**Activity**
Copy the data exactly from the line that contains "Le Camere arredate" through the line that contains "为传承红色基因,赓续红色血脉", keeping both end lines and leaving out everything else.

####################

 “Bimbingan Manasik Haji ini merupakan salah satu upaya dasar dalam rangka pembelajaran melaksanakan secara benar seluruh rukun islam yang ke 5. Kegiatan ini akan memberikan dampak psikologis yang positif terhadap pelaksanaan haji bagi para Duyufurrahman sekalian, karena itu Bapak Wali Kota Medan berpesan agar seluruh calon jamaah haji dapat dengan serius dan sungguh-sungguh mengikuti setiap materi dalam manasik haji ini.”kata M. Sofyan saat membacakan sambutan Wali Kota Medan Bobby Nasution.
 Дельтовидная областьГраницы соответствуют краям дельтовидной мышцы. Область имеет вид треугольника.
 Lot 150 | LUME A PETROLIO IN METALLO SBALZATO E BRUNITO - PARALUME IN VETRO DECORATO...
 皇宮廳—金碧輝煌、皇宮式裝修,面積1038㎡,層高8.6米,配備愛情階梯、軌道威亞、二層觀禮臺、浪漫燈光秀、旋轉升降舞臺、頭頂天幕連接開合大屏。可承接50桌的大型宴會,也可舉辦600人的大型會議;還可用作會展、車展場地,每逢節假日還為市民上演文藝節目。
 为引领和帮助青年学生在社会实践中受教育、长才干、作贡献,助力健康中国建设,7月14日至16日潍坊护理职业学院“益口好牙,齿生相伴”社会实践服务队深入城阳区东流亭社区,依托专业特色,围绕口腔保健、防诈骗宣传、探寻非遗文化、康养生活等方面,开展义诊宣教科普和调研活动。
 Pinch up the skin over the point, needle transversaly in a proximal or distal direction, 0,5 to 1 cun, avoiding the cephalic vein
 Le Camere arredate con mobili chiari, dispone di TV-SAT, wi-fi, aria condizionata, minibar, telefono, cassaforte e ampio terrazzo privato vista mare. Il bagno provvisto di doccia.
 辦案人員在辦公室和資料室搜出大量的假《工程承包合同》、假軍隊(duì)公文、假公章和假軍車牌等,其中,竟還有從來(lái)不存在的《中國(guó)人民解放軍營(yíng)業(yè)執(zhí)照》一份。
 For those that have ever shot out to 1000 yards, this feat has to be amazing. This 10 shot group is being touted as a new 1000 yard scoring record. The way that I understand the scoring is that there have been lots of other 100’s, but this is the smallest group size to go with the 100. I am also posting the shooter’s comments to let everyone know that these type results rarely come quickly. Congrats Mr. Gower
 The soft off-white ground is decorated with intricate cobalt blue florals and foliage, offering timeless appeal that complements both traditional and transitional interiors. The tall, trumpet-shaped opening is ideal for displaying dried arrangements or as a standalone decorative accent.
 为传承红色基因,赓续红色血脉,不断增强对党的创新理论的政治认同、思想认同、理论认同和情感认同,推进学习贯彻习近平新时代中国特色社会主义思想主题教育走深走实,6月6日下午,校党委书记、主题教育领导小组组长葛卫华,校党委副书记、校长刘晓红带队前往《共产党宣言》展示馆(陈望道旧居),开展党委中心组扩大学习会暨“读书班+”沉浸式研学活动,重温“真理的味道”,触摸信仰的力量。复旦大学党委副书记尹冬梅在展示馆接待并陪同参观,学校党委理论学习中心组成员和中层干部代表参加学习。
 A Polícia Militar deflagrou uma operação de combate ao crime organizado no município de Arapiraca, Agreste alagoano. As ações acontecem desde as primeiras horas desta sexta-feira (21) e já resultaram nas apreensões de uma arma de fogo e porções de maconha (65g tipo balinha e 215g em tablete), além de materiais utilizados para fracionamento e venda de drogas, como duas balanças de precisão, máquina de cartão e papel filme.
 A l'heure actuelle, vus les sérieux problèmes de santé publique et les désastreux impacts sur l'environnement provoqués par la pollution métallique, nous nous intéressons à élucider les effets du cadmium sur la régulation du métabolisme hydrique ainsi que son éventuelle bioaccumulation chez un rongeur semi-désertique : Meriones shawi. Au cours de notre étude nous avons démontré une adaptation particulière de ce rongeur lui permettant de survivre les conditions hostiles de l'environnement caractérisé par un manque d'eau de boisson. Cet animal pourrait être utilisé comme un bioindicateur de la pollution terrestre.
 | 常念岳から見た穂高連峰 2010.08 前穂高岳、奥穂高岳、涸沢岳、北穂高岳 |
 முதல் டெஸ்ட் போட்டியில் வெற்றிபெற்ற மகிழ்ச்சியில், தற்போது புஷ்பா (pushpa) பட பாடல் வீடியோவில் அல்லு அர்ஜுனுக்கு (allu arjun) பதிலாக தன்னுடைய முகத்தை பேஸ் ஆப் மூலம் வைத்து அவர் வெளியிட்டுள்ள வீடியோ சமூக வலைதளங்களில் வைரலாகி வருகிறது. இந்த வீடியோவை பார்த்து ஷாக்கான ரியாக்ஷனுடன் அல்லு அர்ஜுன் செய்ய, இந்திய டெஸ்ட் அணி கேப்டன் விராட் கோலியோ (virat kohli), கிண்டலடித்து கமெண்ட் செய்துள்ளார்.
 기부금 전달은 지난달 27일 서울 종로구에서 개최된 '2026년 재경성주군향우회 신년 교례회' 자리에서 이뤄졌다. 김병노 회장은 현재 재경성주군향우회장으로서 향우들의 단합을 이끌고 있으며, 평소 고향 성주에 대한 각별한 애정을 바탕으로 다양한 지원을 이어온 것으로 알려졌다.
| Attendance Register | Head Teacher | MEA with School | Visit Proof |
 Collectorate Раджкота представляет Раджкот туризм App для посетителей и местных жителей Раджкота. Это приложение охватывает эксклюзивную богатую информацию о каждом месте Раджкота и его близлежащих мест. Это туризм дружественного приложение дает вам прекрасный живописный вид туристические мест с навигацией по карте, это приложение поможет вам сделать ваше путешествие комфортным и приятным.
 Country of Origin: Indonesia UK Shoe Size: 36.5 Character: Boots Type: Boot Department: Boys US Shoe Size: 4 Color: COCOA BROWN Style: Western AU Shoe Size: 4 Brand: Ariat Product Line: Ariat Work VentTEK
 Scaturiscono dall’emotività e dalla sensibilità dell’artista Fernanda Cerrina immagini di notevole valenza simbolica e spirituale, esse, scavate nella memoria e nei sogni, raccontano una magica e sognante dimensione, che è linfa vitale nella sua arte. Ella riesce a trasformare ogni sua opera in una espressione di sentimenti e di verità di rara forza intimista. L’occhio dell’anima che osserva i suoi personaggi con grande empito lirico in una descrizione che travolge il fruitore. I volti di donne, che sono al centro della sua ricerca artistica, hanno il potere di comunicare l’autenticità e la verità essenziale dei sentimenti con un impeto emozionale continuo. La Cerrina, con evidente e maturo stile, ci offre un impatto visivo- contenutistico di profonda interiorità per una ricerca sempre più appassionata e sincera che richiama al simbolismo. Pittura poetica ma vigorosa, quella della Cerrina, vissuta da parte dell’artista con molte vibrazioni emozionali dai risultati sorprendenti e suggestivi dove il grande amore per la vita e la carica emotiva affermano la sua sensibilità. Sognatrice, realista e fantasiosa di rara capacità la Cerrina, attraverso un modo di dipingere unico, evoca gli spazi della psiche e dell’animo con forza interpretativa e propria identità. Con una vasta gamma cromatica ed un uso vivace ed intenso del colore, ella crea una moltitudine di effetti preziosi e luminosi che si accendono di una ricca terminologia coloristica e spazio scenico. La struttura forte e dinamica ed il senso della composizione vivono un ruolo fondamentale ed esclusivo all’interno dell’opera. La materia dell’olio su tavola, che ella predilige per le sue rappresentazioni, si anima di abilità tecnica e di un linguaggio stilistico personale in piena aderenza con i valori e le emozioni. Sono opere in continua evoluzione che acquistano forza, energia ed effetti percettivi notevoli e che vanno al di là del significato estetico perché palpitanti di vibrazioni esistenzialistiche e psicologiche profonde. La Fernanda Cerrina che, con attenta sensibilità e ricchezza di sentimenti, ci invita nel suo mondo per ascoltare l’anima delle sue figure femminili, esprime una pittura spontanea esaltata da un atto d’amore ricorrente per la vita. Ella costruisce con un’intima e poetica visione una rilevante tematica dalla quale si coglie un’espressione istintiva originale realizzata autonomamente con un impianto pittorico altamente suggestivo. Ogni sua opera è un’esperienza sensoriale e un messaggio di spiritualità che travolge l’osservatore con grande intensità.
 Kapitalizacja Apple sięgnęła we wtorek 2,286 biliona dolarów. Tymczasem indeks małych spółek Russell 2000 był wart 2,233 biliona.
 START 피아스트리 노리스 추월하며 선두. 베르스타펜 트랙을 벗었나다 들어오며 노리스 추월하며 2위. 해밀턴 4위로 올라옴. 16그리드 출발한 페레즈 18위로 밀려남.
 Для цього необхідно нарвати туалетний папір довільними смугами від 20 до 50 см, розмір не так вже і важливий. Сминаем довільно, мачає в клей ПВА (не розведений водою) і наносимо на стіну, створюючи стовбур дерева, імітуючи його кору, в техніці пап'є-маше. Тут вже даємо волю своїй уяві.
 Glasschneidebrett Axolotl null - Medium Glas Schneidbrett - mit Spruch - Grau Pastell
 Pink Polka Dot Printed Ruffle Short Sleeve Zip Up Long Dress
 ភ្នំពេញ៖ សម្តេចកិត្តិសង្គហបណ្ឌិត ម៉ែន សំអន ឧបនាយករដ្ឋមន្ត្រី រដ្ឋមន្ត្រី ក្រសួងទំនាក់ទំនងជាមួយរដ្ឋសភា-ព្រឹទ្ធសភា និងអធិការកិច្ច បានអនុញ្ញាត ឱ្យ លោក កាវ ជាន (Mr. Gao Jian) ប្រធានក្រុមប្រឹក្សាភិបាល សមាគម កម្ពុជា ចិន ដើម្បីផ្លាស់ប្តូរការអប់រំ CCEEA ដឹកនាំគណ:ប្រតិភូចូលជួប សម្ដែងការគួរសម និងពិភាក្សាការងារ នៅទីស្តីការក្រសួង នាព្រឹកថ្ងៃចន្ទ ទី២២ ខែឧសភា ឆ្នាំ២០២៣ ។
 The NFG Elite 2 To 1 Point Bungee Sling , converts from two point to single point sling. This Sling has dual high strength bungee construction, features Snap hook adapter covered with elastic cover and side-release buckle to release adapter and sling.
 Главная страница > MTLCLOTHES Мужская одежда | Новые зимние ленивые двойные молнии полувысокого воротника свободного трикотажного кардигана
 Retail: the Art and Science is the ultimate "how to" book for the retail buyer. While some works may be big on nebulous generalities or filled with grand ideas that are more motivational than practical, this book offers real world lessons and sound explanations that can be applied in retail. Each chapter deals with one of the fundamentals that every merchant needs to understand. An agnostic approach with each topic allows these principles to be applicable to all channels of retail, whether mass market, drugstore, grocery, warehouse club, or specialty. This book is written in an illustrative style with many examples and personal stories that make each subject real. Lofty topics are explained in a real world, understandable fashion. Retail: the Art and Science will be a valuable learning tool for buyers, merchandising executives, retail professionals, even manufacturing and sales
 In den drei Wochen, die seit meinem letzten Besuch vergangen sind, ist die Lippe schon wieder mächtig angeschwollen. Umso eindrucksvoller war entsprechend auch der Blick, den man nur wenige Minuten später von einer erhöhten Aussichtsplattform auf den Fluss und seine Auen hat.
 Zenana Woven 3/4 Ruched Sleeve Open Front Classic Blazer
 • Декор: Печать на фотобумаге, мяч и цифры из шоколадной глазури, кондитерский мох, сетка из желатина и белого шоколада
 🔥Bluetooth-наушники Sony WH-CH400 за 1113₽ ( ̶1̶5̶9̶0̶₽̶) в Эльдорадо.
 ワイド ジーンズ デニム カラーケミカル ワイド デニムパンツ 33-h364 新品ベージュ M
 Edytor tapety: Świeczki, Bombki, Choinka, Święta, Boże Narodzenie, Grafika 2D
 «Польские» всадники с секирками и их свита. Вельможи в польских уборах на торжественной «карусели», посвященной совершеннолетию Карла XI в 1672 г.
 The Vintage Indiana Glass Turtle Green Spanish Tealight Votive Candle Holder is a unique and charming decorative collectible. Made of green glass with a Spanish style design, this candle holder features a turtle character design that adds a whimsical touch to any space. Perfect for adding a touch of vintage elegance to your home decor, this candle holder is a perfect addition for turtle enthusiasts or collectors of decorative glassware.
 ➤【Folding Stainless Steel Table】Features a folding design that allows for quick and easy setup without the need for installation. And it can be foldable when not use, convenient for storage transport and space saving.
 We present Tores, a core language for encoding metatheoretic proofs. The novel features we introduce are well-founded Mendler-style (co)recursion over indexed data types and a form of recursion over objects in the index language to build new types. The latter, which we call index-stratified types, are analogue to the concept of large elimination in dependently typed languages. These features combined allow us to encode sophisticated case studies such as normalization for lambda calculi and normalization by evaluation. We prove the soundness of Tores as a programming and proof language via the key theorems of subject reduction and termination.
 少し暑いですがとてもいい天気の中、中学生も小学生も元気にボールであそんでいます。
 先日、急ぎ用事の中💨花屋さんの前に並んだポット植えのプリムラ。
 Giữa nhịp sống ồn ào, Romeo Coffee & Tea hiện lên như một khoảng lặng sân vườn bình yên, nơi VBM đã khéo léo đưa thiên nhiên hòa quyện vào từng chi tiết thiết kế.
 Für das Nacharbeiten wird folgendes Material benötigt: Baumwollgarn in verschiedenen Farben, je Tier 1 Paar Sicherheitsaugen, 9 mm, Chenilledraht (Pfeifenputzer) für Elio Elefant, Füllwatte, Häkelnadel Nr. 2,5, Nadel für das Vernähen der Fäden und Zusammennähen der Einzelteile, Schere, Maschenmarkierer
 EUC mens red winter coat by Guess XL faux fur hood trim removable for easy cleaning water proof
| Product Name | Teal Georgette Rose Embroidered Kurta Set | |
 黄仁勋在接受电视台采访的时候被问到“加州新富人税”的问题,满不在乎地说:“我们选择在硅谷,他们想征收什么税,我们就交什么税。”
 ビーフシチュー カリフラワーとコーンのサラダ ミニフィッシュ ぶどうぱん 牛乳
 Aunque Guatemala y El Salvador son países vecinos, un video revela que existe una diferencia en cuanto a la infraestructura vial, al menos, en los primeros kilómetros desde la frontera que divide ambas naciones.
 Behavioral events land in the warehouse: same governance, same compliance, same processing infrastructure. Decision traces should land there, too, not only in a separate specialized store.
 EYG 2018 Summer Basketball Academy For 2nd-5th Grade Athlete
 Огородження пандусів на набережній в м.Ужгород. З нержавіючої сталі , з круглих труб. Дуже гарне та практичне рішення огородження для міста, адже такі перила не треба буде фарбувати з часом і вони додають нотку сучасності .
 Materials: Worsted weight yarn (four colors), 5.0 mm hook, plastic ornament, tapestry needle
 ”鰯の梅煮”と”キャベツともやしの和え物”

####################

**Task response**
 Le Camere arredate con mobili chiari, dispone di TV-SAT, wi-fi, aria condizionata, minibar, telefono, cassaforte e ampio terrazzo privato vista mare. Il bagno provvisto di doccia.
 辦案人員在辦公室和資料室搜出大量的假《工程承包合同》、假軍隊(duì)公文、假公章和假軍車牌等,其中,竟還有從來(lái)不存在的《中國(guó)人民解放軍營(yíng)業(yè)執(zhí)照》一份。
 For those that have ever shot out to 1000 yards, this feat has to be amazing. This 10 shot group is being touted as a new 1000 yard scoring record. The way that I understand the scoring is that there have been lots of other 100’s, but this is the smallest group size to go with the 100. I am also posting the shooter’s comments to let everyone know that these type results rarely come quickly. Congrats Mr. Gower
 The soft off-white ground is decorated with intricate cobalt blue florals and foliage, offering timeless appeal that complements both traditional and transitional interiors. The tall, trumpet-shaped opening is ideal for displaying dried arrangements or as a standalone decorative accent.
 为传承红色基因,赓续红色血脉,不断增强对党的创新理论的政治认同、思想认同、理论认同和情感认同,推进学习贯彻习近平新时代中国特色社会主义思想主题教育走深走实,6月6日下午,校党委书记、主题教育领导小组组长葛卫华,校党委副书记、校长刘晓红带队前往《共产党宣言》展示馆(陈望道旧居),开展党委中心组扩大学习会暨“读书班+”沉浸式研学活动,重温“真理的味道”,触摸信仰的力量。复旦大学党委副书记尹冬梅在展示馆接待并陪同参观,学校党委理论学习中心组成员和中层干部代表参加学习。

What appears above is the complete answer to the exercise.